DATASET EXCERPT
- - -

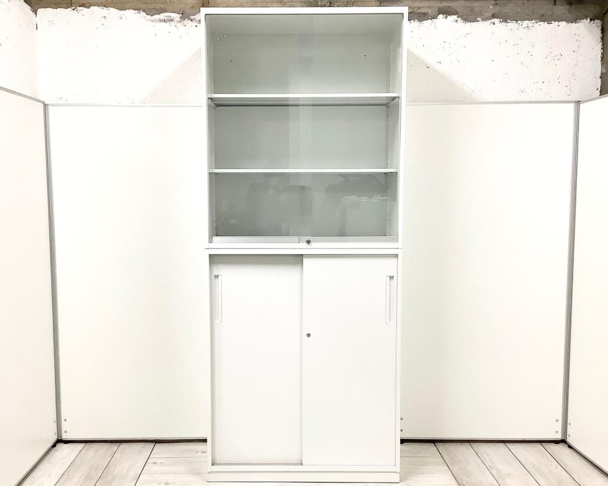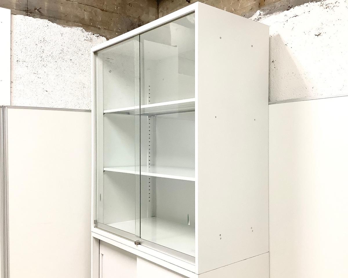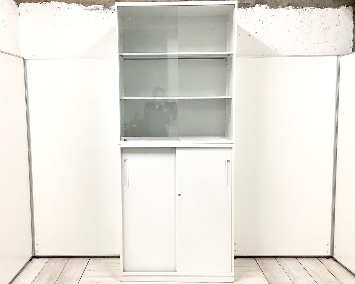 定番シリーズ!収納量抜群!観音開き+引き出しタイプのキャビネットセット! ■内田洋行/HS/ホワイト ラテラル取っ手部分日焼け有
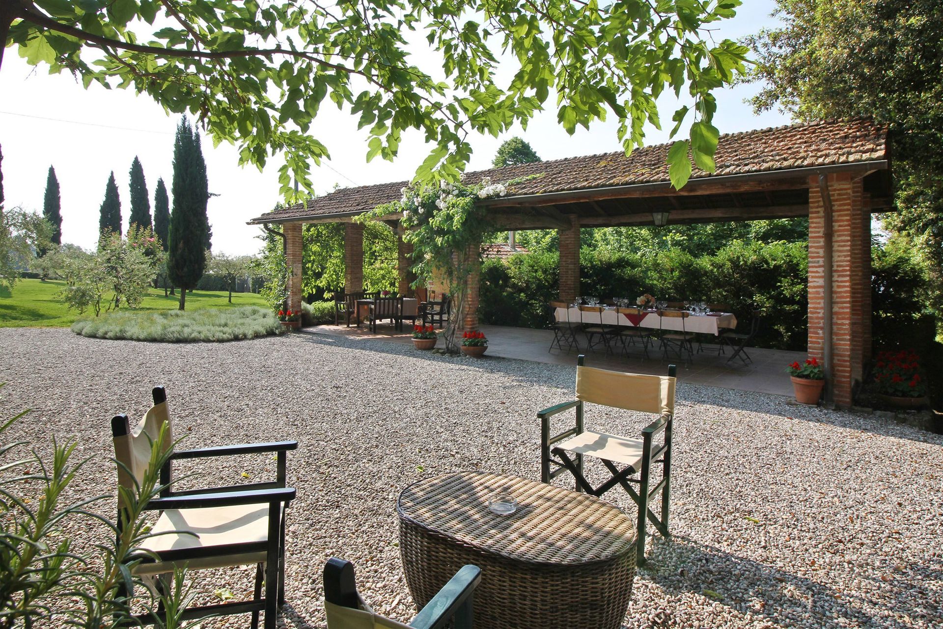 Diese Villa gehört zum Gutsbetrieb Mansi Bernardini. Die Küche ist sehr modern ausgestattet und im gegenüberliegenden Garten gibt es eine Terrasse mit Essplatz und Grill.
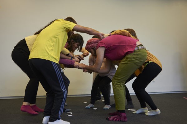 Cuando hablamos de bailar, hablamos de bailar juntas, de mantener la escucha sobre el cuerpo de los otros y de subvertir, desde los cuidados, los mandatos de la individualidad patriarcal, la idea de genio, el virtuosismo sagrado, la competitividad y el esfuerzo como reglas supremas del juego. Bailar juntas nos impulsa a desterrar las nociones universalistas y definitivamente coloniales de la modernidad para posibilitarnos crear otras formas de estar basadas en la escucha frente al enunciado, la diversidad frente a la blanquitud, el reconocimiento frente al ego y la alegría generativa frente a la crítica antiutópica. Recordemos la idea central de que el esfuerzo solo lleva al fracaso, porque solo desde una lógica afirmativa del placer seremos capaces de desestabilizar las nociones canónicas que nos abrasan.

- - -

WHAT NEEDS TO BE DONE
Transcribe all of the material exactly, leaving out whatever pictures it contains.

RESULT OF THE EXERCISE
 定番シリーズ!収納量抜群!観音開き+引き出しタイプのキャビネットセット! ■内田洋行/HS/ホワイト ラテラル取っ手部分日焼け有
 Diese Villa gehört zum Gutsbetrieb Mansi Bernardini. Die Küche ist sehr modern ausgestattet und im gegenüberliegenden Garten gibt es eine Terrasse mit Essplatz und Grill.
 Cuando hablamos de bailar, hablamos de bailar juntas, de mantener la escucha sobre el cuerpo de los otros y de subvertir, desde los cuidados, los mandatos de la individualidad patriarcal, la idea de genio, el virtuosismo sagrado, la competitividad y el esfuerzo como reglas supremas del juego. Bailar juntas nos impulsa a desterrar las nociones universalistas y definitivamente coloniales de la modernidad para posibilitarnos crear otras formas de estar basadas en la escucha frente al enunciado, la diversidad frente a la blanquitud, el reconocimiento frente al ego y la alegría generativa frente a la crítica antiutópica. Recordemos la idea central de que el esfuerzo solo lleva al fracaso, porque solo desde una lógica afirmativa del placer seremos capaces de desestabilizar las nociones canónicas que nos abrasan.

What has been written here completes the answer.